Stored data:

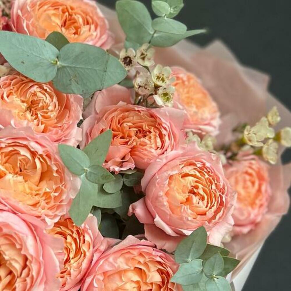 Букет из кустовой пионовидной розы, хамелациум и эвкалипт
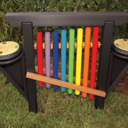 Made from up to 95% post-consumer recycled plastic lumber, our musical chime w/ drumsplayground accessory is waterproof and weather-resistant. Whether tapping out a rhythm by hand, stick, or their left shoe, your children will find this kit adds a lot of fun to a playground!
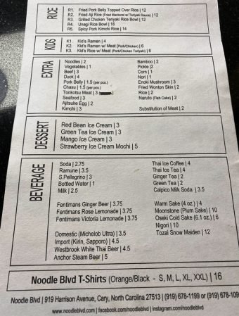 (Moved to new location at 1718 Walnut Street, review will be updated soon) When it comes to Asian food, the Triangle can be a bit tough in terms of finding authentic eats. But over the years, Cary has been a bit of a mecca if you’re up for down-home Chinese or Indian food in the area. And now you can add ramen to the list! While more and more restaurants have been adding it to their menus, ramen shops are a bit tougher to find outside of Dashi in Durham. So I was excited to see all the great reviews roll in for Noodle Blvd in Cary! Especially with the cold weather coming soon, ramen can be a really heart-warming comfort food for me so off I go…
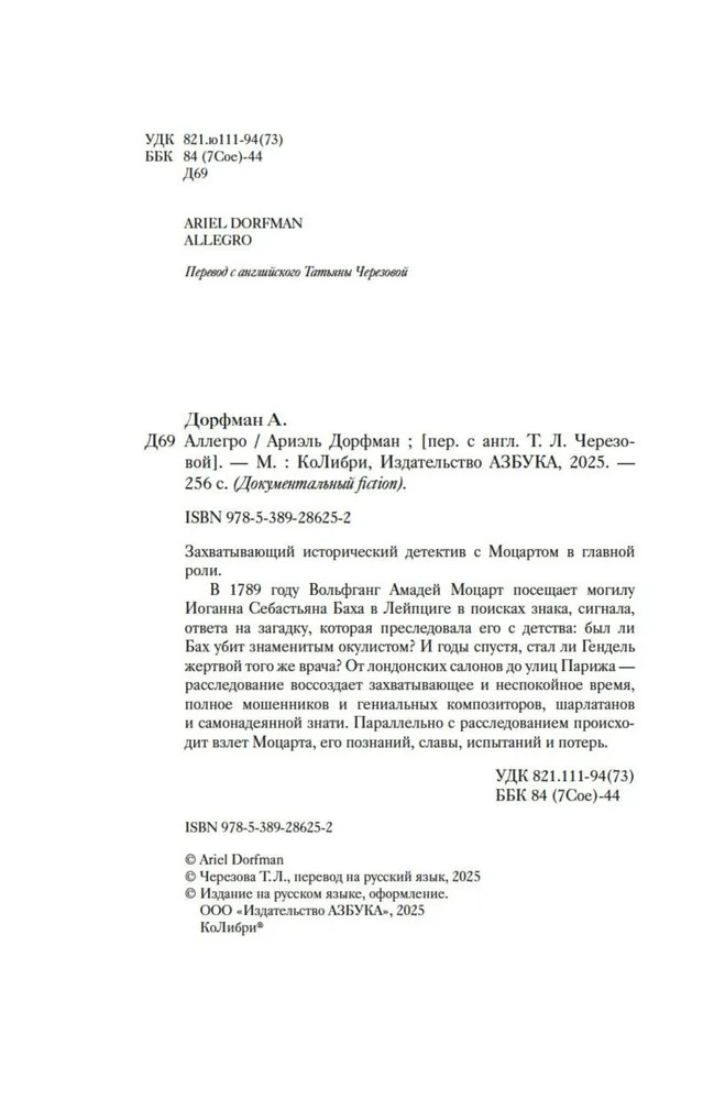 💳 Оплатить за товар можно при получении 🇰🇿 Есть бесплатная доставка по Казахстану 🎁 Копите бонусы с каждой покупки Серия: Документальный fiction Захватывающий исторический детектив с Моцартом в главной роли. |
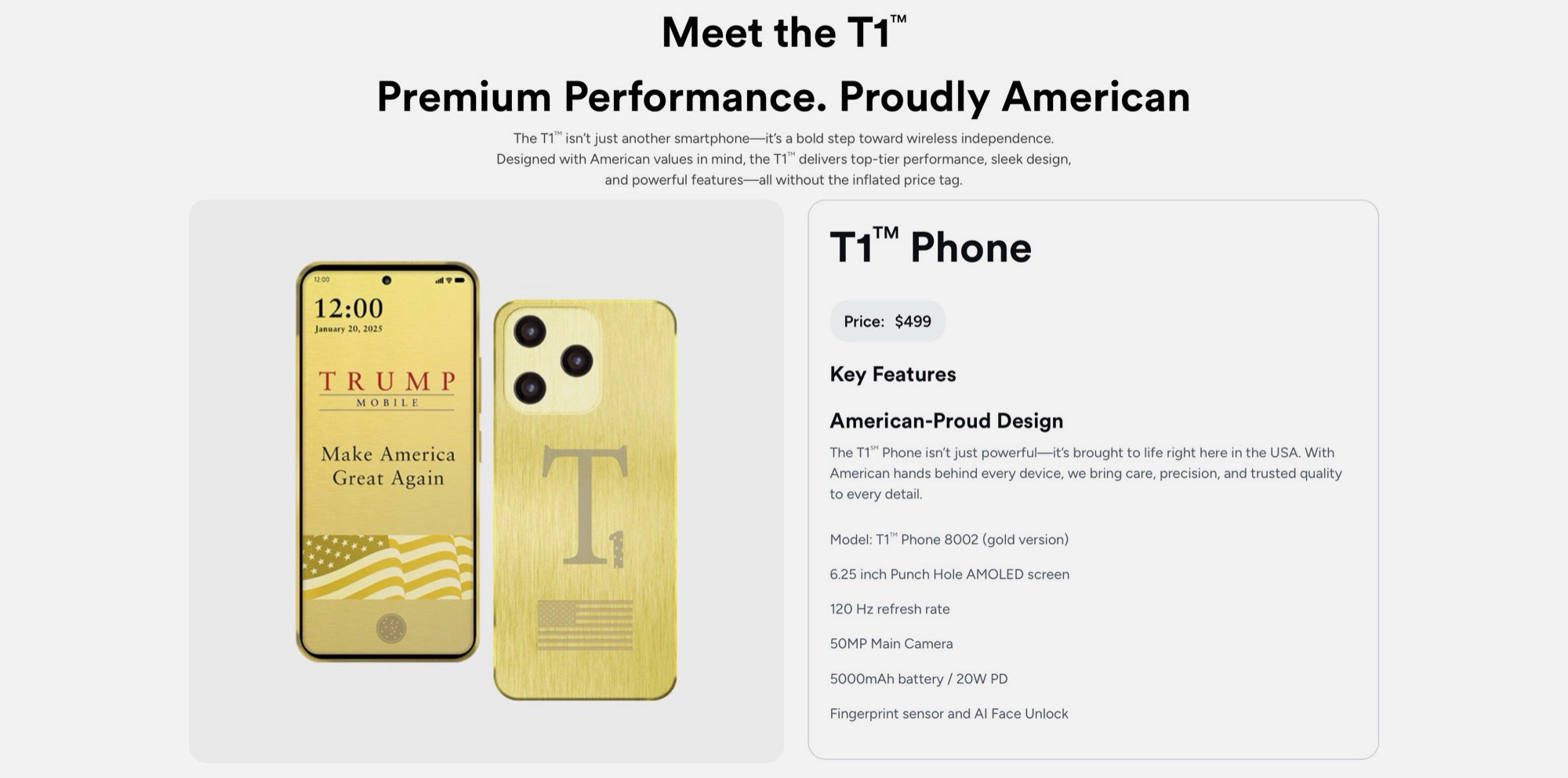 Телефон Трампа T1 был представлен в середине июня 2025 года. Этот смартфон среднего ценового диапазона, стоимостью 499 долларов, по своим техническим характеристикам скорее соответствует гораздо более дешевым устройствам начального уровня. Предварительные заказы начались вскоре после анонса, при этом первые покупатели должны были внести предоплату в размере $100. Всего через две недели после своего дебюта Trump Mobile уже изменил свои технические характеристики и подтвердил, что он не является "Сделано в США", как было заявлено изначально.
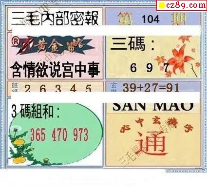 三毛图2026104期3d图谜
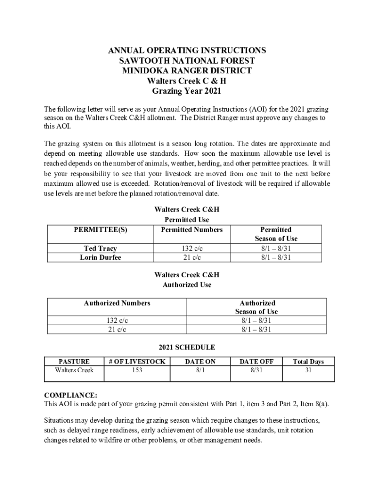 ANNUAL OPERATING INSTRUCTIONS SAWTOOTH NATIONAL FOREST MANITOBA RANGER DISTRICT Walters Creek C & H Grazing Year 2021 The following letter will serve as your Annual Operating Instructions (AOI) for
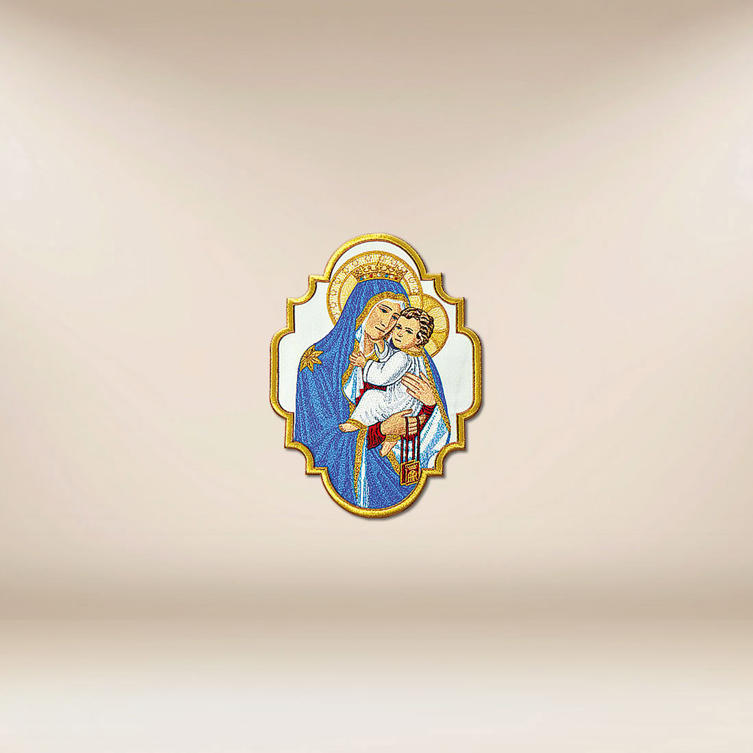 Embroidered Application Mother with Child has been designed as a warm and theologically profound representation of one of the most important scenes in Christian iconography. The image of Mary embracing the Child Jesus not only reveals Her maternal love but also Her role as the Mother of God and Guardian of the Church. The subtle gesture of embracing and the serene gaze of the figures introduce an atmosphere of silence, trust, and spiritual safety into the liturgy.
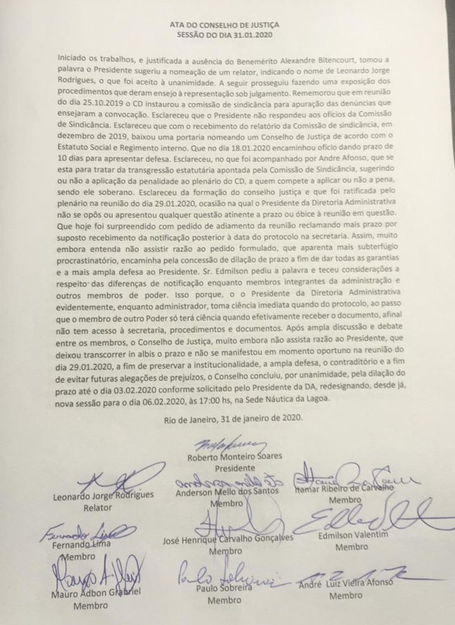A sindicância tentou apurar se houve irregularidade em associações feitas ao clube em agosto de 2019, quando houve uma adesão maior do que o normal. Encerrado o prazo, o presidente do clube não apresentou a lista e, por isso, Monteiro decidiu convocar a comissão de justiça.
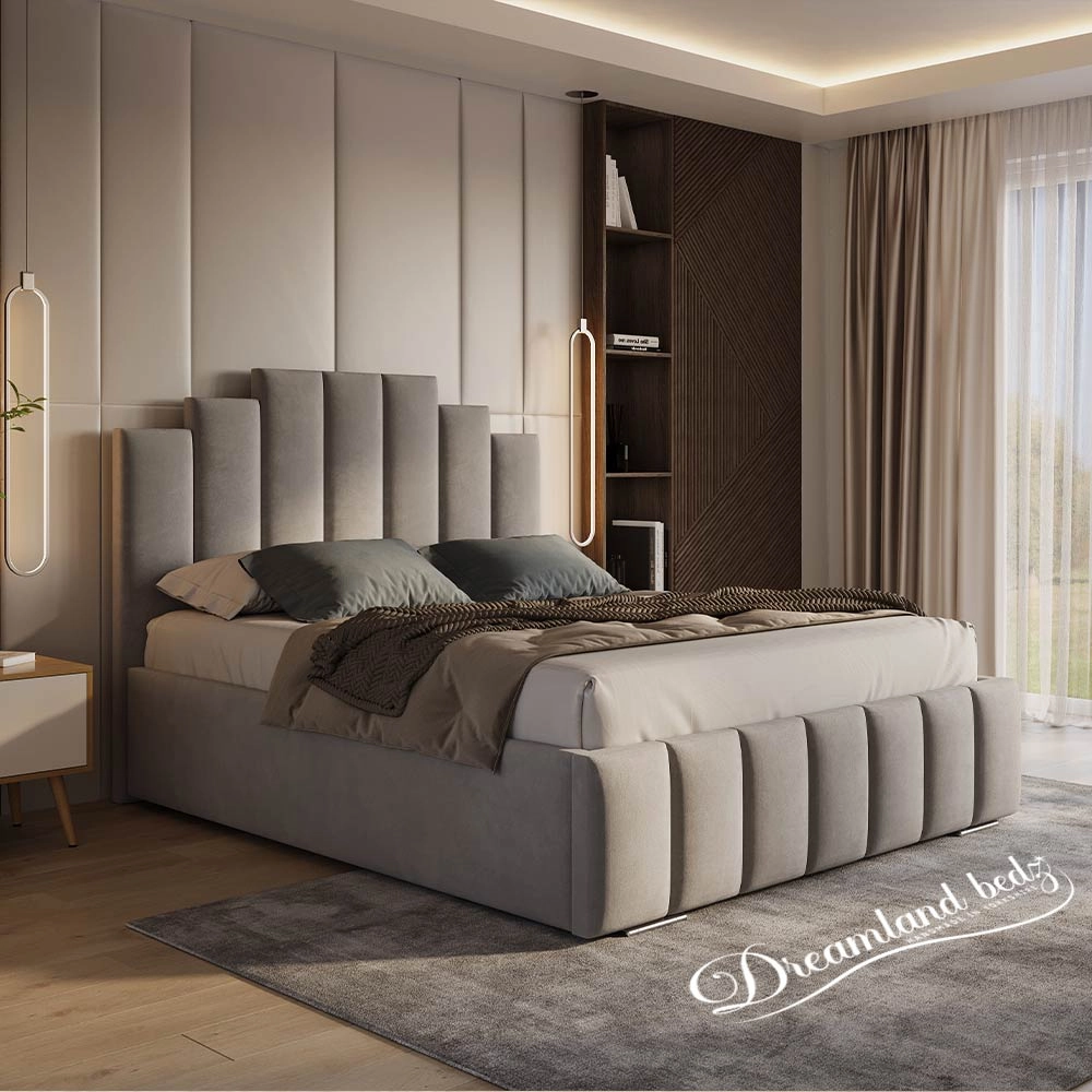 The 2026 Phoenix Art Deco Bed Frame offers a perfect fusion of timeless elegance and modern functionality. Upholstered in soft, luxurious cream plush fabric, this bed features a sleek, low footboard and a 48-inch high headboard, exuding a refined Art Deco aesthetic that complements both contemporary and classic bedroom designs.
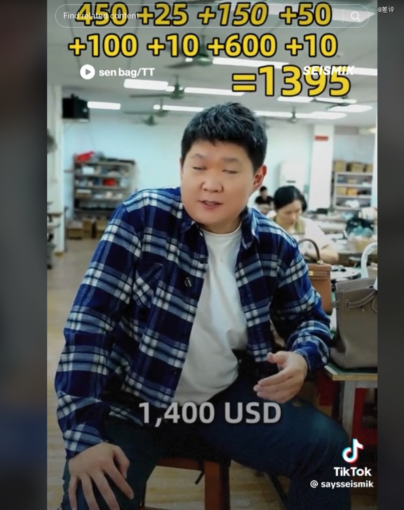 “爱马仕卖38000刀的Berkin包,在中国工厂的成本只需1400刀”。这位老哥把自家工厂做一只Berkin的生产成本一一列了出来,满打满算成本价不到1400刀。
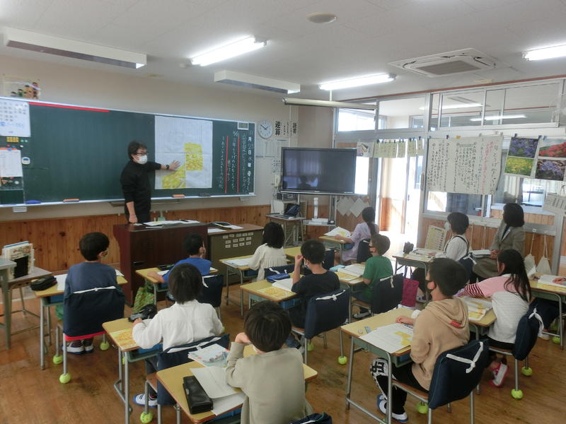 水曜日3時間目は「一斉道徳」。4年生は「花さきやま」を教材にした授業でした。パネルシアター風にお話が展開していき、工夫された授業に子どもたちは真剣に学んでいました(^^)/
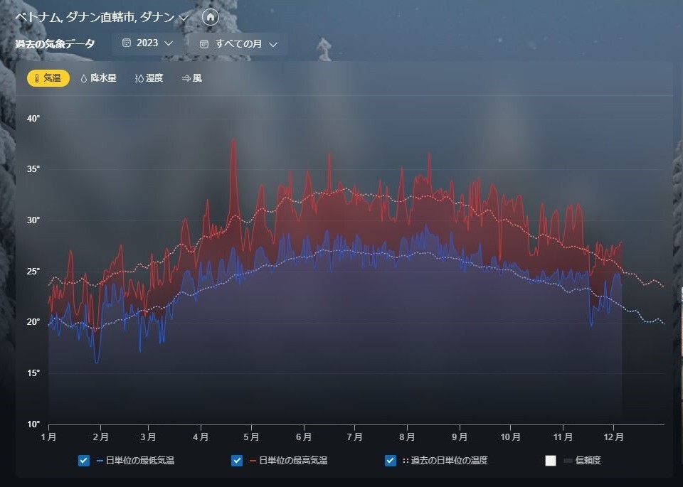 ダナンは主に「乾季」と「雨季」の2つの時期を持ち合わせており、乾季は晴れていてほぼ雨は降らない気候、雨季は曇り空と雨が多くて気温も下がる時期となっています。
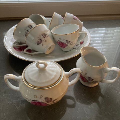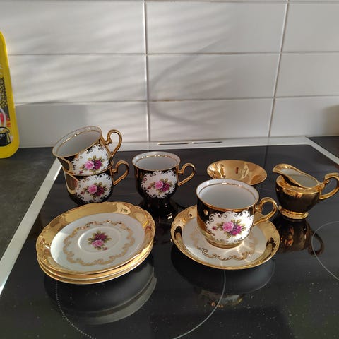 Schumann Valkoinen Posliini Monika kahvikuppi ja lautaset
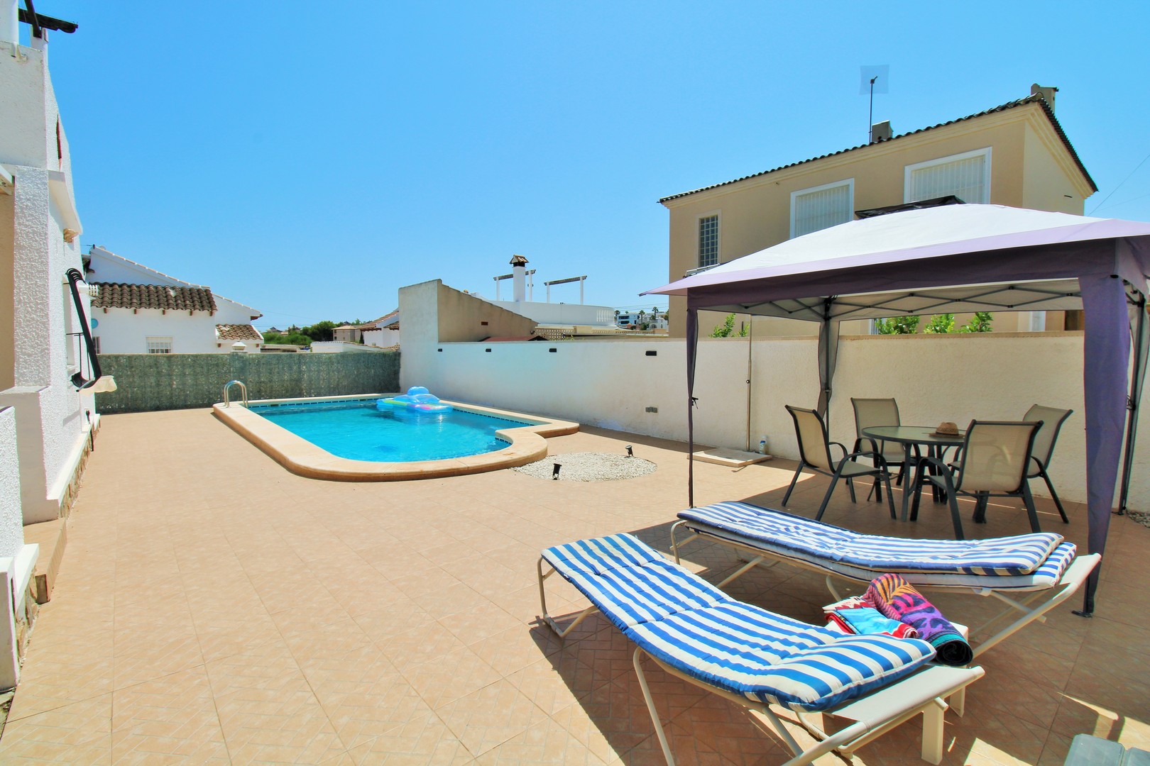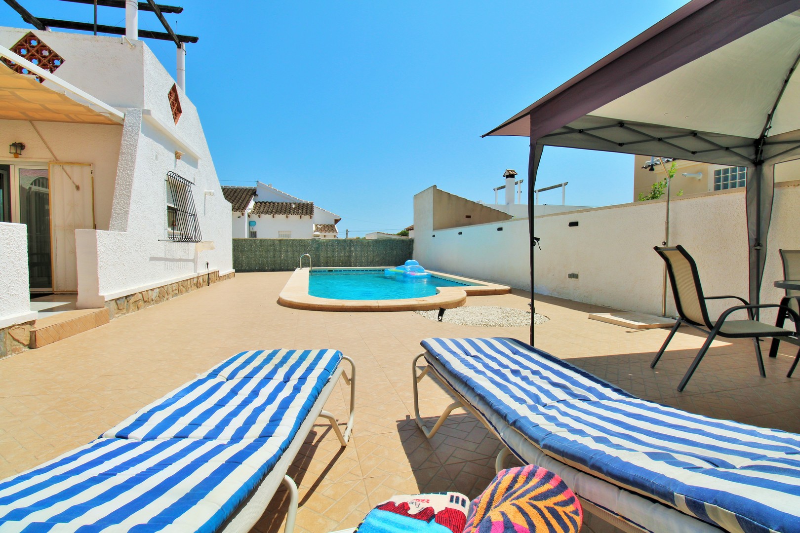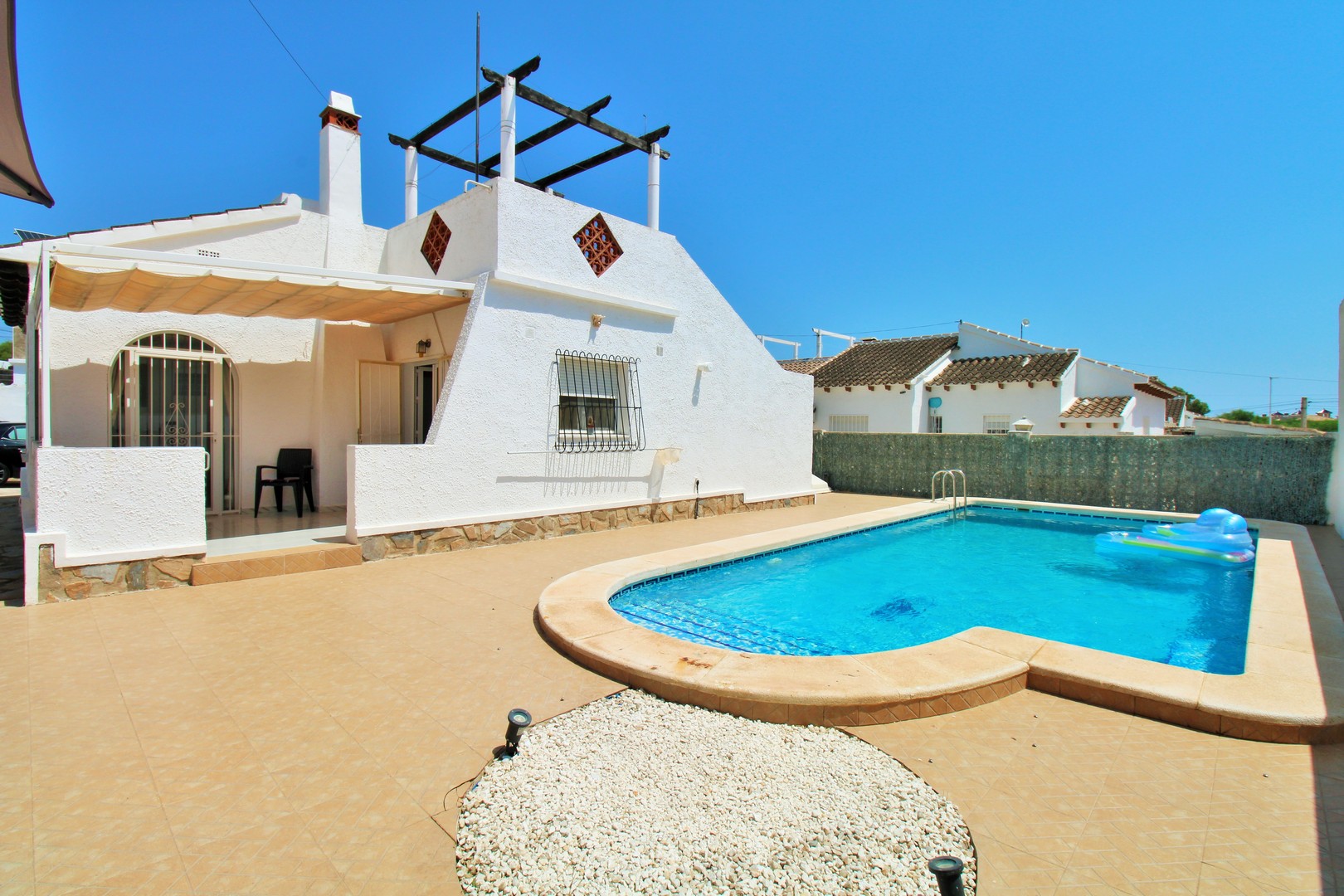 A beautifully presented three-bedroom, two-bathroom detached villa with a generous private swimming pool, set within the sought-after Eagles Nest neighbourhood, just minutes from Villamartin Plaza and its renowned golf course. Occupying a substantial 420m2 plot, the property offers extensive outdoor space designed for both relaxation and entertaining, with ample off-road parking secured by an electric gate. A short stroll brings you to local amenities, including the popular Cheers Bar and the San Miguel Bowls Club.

**Task:**
Could you repeat, exactly and with nothing else, the lines from the one containing "Schumann Valkoinen Posliini" through the last line of the records above, leaving out the pictures?

**Expected answer:**
 Schumann Valkoinen Posliini Monika kahvikuppi ja lautaset
 A beautifully presented three-bedroom, two-bathroom detached villa with a generous private swimming pool, set within the sought-after Eagles Nest neighbourhood, just minutes from Villamartin Plaza and its renowned golf course. Occupying a substantial 420m2 plot, the property offers extensive outdoor space designed for both relaxation and entertaining, with ample off-road parking secured by an electric gate. A short stroll brings you to local amenities, including the popular Cheers Bar and the San Miguel Bowls Club.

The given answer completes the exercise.